Further, referring to FIG. 2 and in conjunction with FIG. 3, the water outlet mechanism 140 includes a filter element 141 detachably provided at the outlet hole 121, and a cleaning cloth 142 that abuts against the filter element 141 and is attached to the bottom end surface of the water tank body 100, wherein, The filter element 141 is located above the cleaning cloth 142. The filter element 141 is configured to be able to evenly permeate water. The filter element 141 is made of fiber material, and the fiber material includes carbon fiber, polyester fiber, glass fiber, and the like. The cleaning cloth 142 itself has water absorption performance, and when it comes into contact with the filter element 141, it can generate suction to the liquid at the outlet hole 121.

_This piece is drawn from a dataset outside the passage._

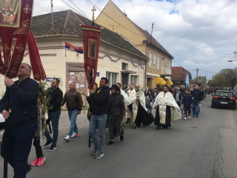 Апатин и Пригревицa – У суботу, 3/16. априла 2022. године, православни житељи Апатина су литијом и свечаном вечерњом службом отпочели прославу празника Уласка Господа Исуса Христа у Јерусалим – Цвети. Литија у којој су учествовала многобројна деца кретала се од богомоље Преподобне матере Параскеве до храма Сабора светих апостола. Свечаном вечерњом службом началствовао је протонамесник Жељко Васић, парох апатински.
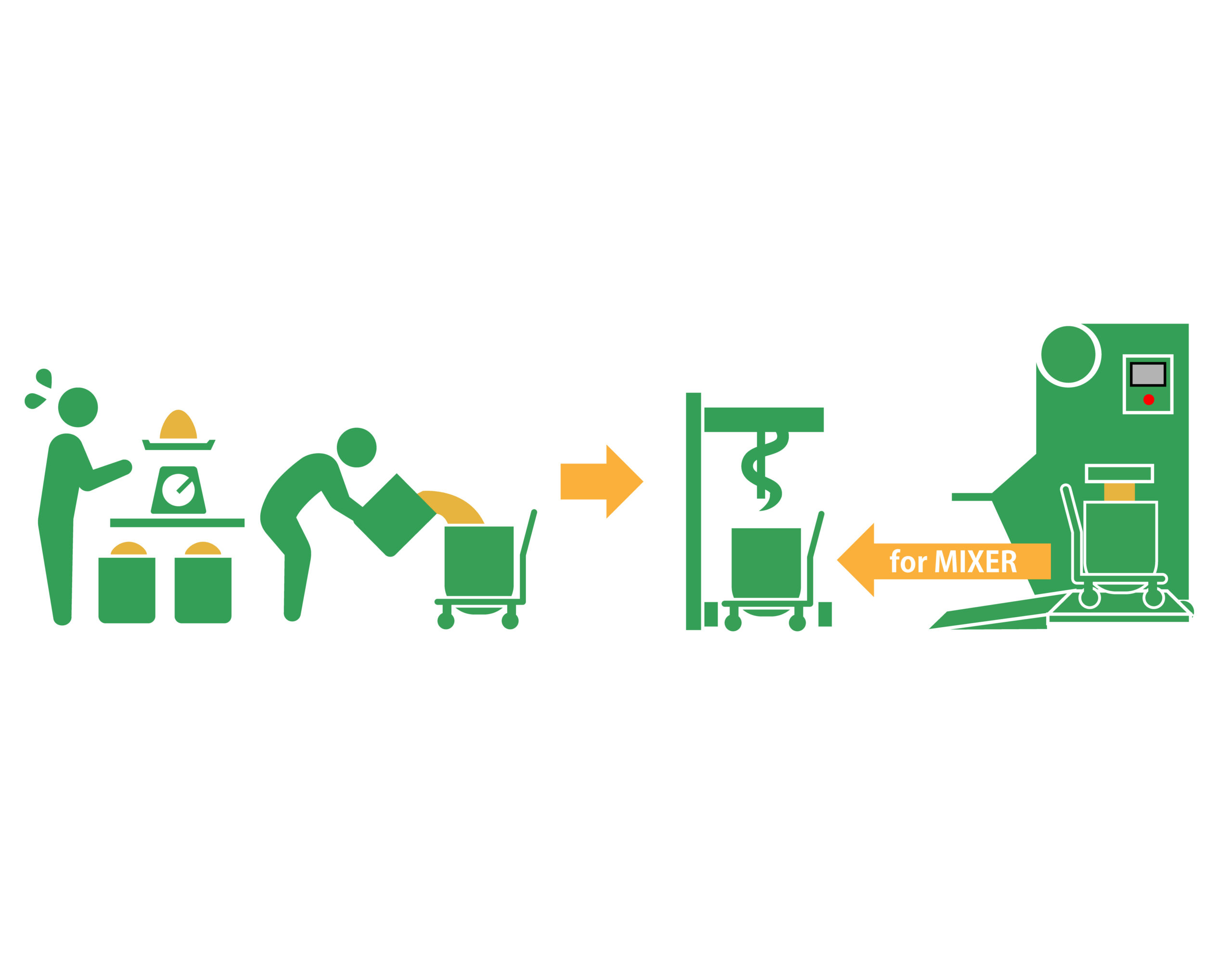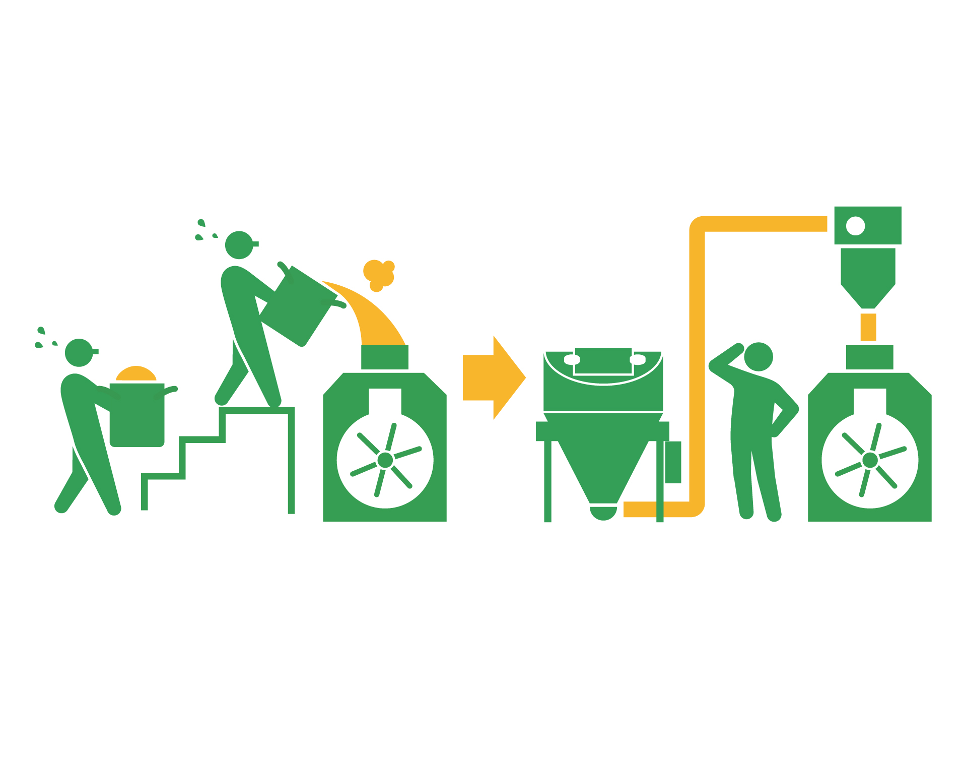 「自動化」で作業負担の軽減を【粉体の使用場所への搬送】

Specifically, the air intake principle of the air intake structure 130, in the description of the air intake principle, the liquid in the water tank body 100 is assumed to be water:

Please refer to Figure 9 and Figure 10. Point A is a point below the inner air inlet 132. The model is established at this point. The pressure at point A satisfies: Equation 1: P _A = P + ρgh ₂ ; Equation 2: P _A = P ₀ +ρgh ₁ ;

Among them, P is the atmospheric pressure;

P ₀ is the pressure above the liquid surface of the liquid storage chamber of the water tank body 100 (because the inner air inlet 132 is immersed below the liquid surface, the air in the liquid storage chamber is not connected to the atmosphere);

ρ is the density of water;

g is the acceleration of gravity;

h ₁ is the distance from the liquid level of the liquid storage chamber of the water tank body 100 to the point A;

h ₂ is the distance from the liquid level to the point A in the intake structure 130;

Because the cleaning cloth 142 itself has water absorption, the water in the liquid storage cavity can be sucked out through the filter element 141. When a part of the water is output, the liquid level in the water tank body 100 decreases, that is, h ₁ decreases, the volume of gas in the water tank body 100 increases, and the pressure P ₀ decreases. According to Equation 2 and Equation 1: P _A =P ₀ +ρgh ₁ =P+ρgh ₂ , in the above formula, P ₀ and h ₁ both become smaller, and P is the atmospheric pressure that remains unchanged, so it can be seen that h ₂ The amount of change is greater than h ₁ , that is, the liquid level in the air intake structure 130 decreases faster than the liquid level in the liquid storage chamber; therefore, the liquid level in the air intake structure 130 can drop rapidly to form a cavity, that is, h ₂ Is 0.

When h ₂ is 0, the upper part of the inner air inlet hole 132 is atmosphere, and the lower part is liquid. The inner and outer pressure of the inner air inlet hole 132 is so _{strong that it satisfies equation 3: P=P 0} +ρgh, (h is the storage of the water tank body 100 The distance between the liquid level in the liquid chamber and the inner air inlet 132). When the cleaning cloth 142 sucks a part of the water, both P ₀ and h are reduced, and the balance is broken. The internal pressure of the inner air inlet 132 is less than the external atmospheric pressure, and The air enters the water tank body 100 through the inner air inlet hole 132, and the pressure of the gas in the water tank body 100 is balanced, so that the pressure inside and outside the inner air inlet hole 132 reaches the balance of Equation 3 again. When the cleaning cloth 142 absorbs water again, the balance is broken again, thus reciprocating. When the cleaning cloth 142 is in a saturated state, it no longer absorbs water from the water tank body 100, and the pressure inside and outside the inner air inlet hole 132 is balanced, and no air is entered, thereby realizing the control of water seepage in the water tank body 100.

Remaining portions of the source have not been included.